Using Information from National Databases to

Evaluate Systemic Educational Reform

Janet H. Kane

()

Wisconsin Center for Education Research

University of Wisconsin, Madison

Presented at the annual meeting of the

American Evaluation Association

Arlington, VA, November, 2002

This research was supported by a grant from the National Science Foundation to the Study of the Impact of Statewide Systemic Initiatives (REC-9874171) at the Wisconsin Center for Education Research.

Using Information from National Databases to

Evaluate Systemic Educational Reform

Janet H. Kane

Introduction

In 1991, the National Science Foundation (NSF) launched the Statewide Systemic Initiatives (SSI) program—an ambitious effort to raise student achievement in mathematics and science throughout an SSI state by providing seed money of $10 million a year and ongoing consultation for five years to promote statewide systemic educational reform. The SSI resources were to serve as catalysts to spur the state’s reform efforts and to leverage additional resources.

Twenty-one states and Puerto Rico completed the full five years of SSI funding, and eight of the 22 SSI jurisdictions received an additional five years funding. Funding for Cohort I began in 1991, with Cohorts II and III starting in 1992 and 1993. Table 1 lists the fully funded states in each cohort.

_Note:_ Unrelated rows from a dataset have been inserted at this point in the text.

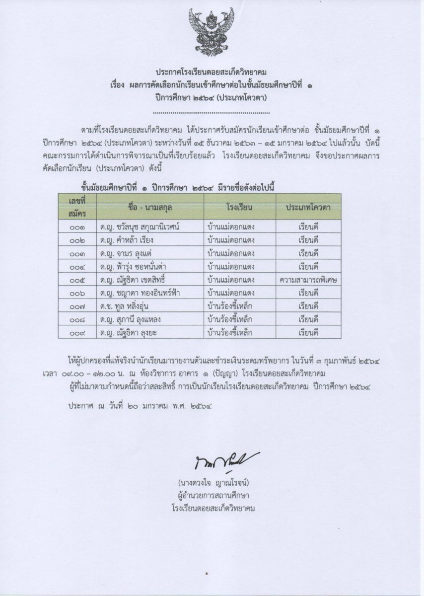 โรงเรียนดอยสะเก็ดวิทยาคม ประกาศผลการคัดเลือกนักเรียนเข้าศึกษาต่อระดับชั้นมัธยมศึกษาปีที่1 และมัธยมศึกษาปีที่4 ประเภทโควตา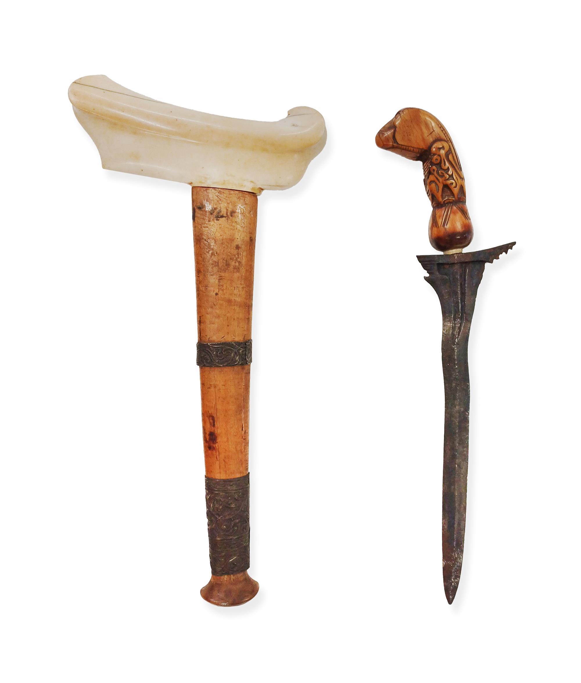 18th/19th C Keris, Jawa Demam Ivory Hilt, Possibly Marine Ivory. Pamor steel blade with single luk (lara sidua). Scabbard with ivory wrangka. NB: ivory export restrictions. L27cm, (19cm blade, hilt 8cm)Estimate $200-400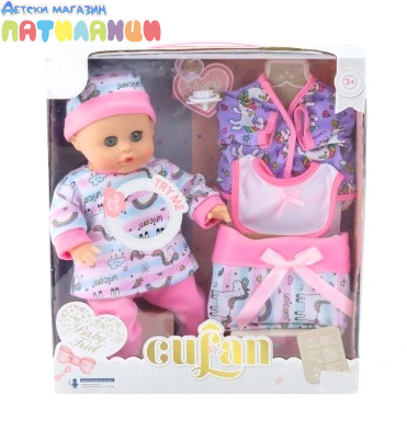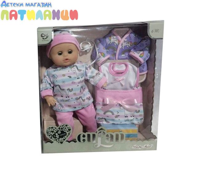 Куклата е облечена в красива розова пижама с флорални детайли и прекрасен еднорог в центъра. Бебето носи шапка. Комплектът включва биберон, лигавник и шал с тема еднорог. Цялото нещо пасва перфектно и изглежда абсолютно очарователно. Куклата има подвижни ръце, крака и глава. Може да се постави в седнало или легнало положение. Дрехите са подвижни, което позволява смяна на гардероба.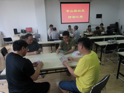 2014年8月3日上午,苍山路社区“邻里一家亲”掼蛋比赛在社区举行,活动现场气氛热烈而不失紧张,体现了“重在参与”的奥运精神。
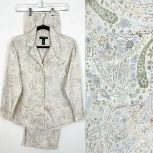 Women's lounge sleepwear, Lauren Ralph Lauren, LRL, women's pajama set, paisley print, pastel floral, button-up top, elastic waist pants, soft lounge wear, luxury sleepwear, embroidered RL monogram, cottagecore, romantic vintage, cozy chic, elegant loungewear, lightweight fabric, spring pajamas, feminine comfort, quiet luxury, soft glam, dreamy neutrals, giftable sleep set, classic Ralph Lauren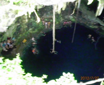 Después de un día de caminata por la zona arqueológica de Chichen Itzá te vendría bien darte un chapuzón en las verdes aguas del cenote para refrescarte. En su superficie se encuentra rodeado de vegetación y desde ahí se puede ver la profundidad que tiene. Para llegar deben bajar por una escalera hecha de piedra en donde encontrarás pequeños balcones para que admires su belleza desde diversos puntos, al llegar abajo, hay una plataforma que da acceso a sus aguas frescas y cristalinas en la que se pueden ver los peces que viven en él.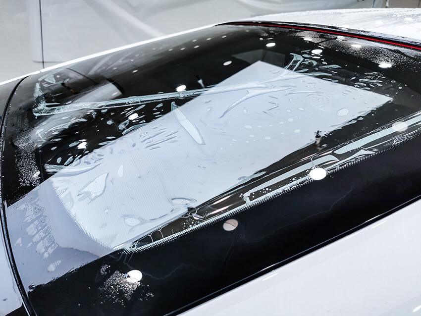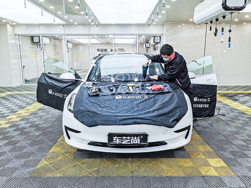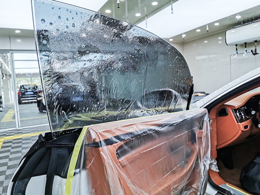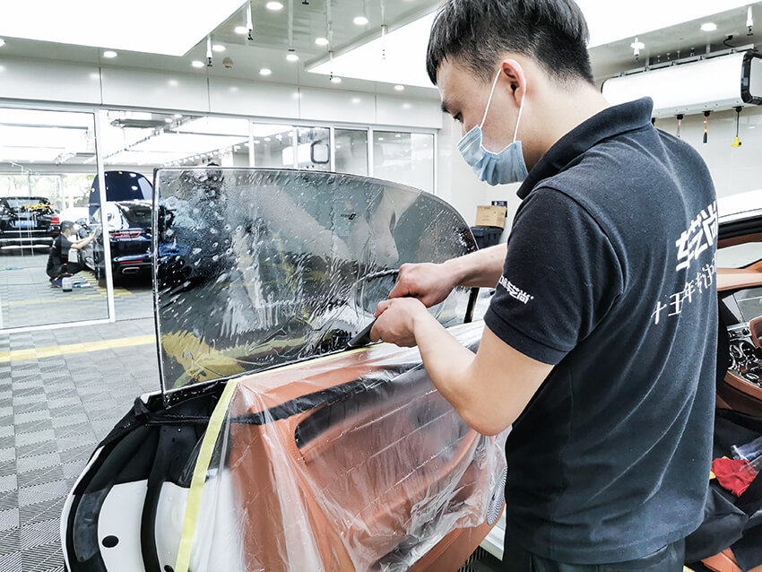 车艺尚技师不同施工部位采用不同的赶水手法与工具,确保膜与玻璃的充分贴合,无气泡、无翘边。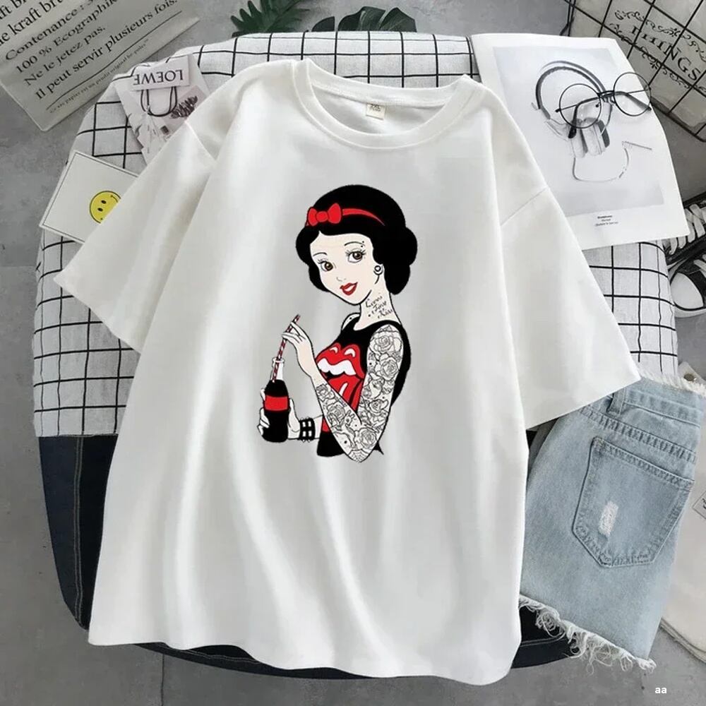 女性のためのプリンセスプリントTシャツ,半袖トップス,白雪姫,カジュアル,テレーン,ジェイドランド,y2k ボトム ボトムス ズボン T240619134306_04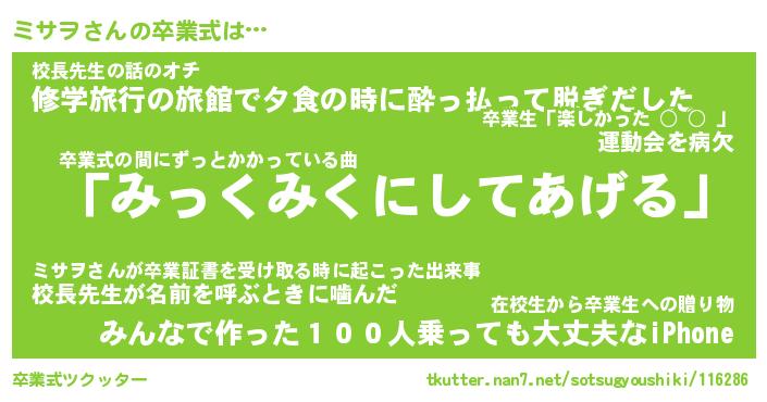 | 胡散臭い通販商品みたいなあだ名 | 『必ず成功する霊験あらたかなお札…その名も「ミサヲ」』 |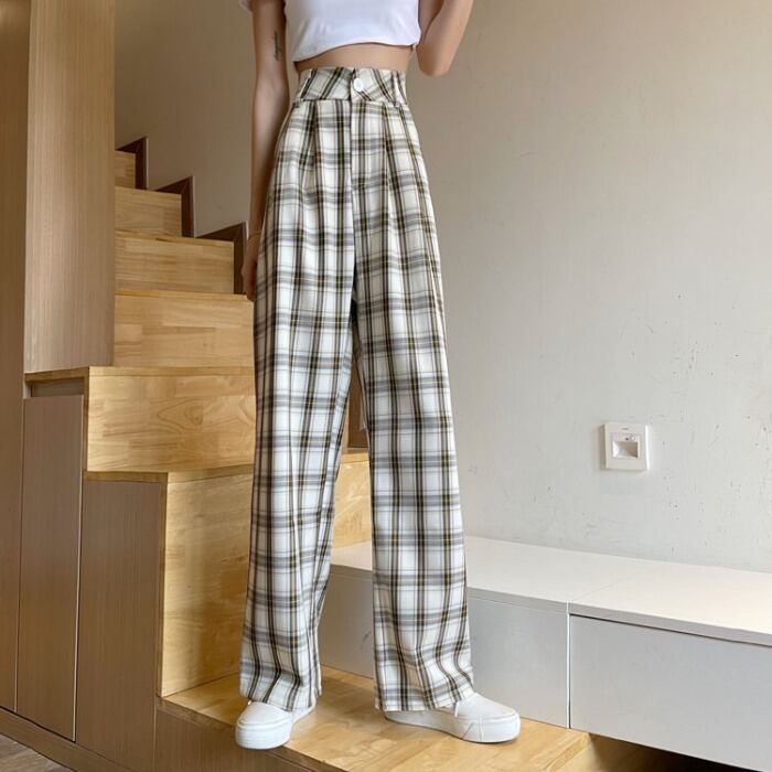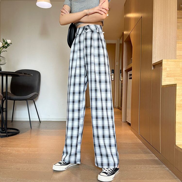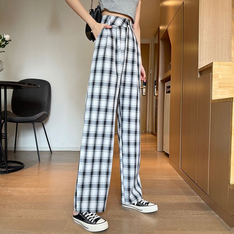 格子柄カジュアルパンツ サマースタイルルーズハイウェストウェストロング 夏物 クレセントシティ12302855994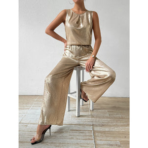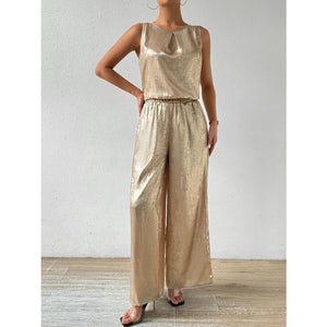 Round Neck Sleeveless Top and Pants Set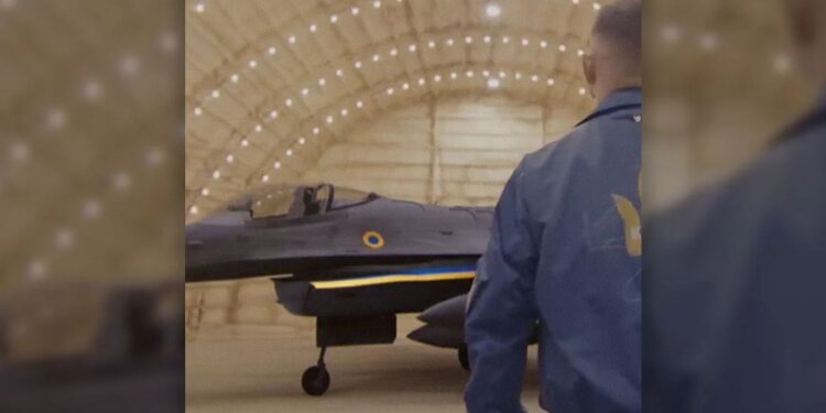 Në video, një burrë me një xhaketë që thotë “Mbretërit e qiellit” hyn në një hangar, i cili ka të ngjarë të jetë nën tokë. Ai ndez dritat dhe shohim që brenda është një F-16 me shenja ukrainase.

Asterisks identify states receiving Phase II funding.

Table 1

States in the Statewide Systemic Initiative Program for the Full Five Years
Cohort I (1991) / Cohort II (1992) / Cohort III (1993)
Connecticut*
Delaware
Louisiana*
New Jersey*
Ohio
South Carolina*
South Dakota / California
Georgia
Kentucky
Massachusetts*
Maine
Michigan
New Mexico
Puerto Rico*
Texas*
Vermont* / Arkansas
Colorado
Montana
Nebraska
New York

In this study, the goal was not to say which SSI states had “better” or “more effective” systemic reforms, but rather to use available information to develop and refine hypotheses about the features of systemic reform that lead to statewide gains in

mathematics achievement. Using a variety of information sources, this study addresses three questions about the Statewide Systemic Initiatives:

  1. What features differentiate SSI states with steady increases in mathematics achievement at grades 4 and/or 8 from the SSI states with little or no increases? Are these features shared by SSI states with some increases in mathematics achievement?
  2. Can statewide achievement gains be attributed to a state’s SSI?
  3. When is statewide achievement gain an adequate measure of systemic reform efforts?

Sample

The State Assessment Program of the National Assessment of Educational Progress (State NAEP) provides common measures of student achievement for each participating state. State NAEP was first administered in 1990 at grade 8 and was expanded to include grade 4 in 1992. The sample for this report includes the 14 SSI states, i.e., two-thirds, that consistently participated in State NAEP in 1992, 1996, and 2000. Although the SSI program addressed both mathematics and science education, only mathematics achievement is included in this report.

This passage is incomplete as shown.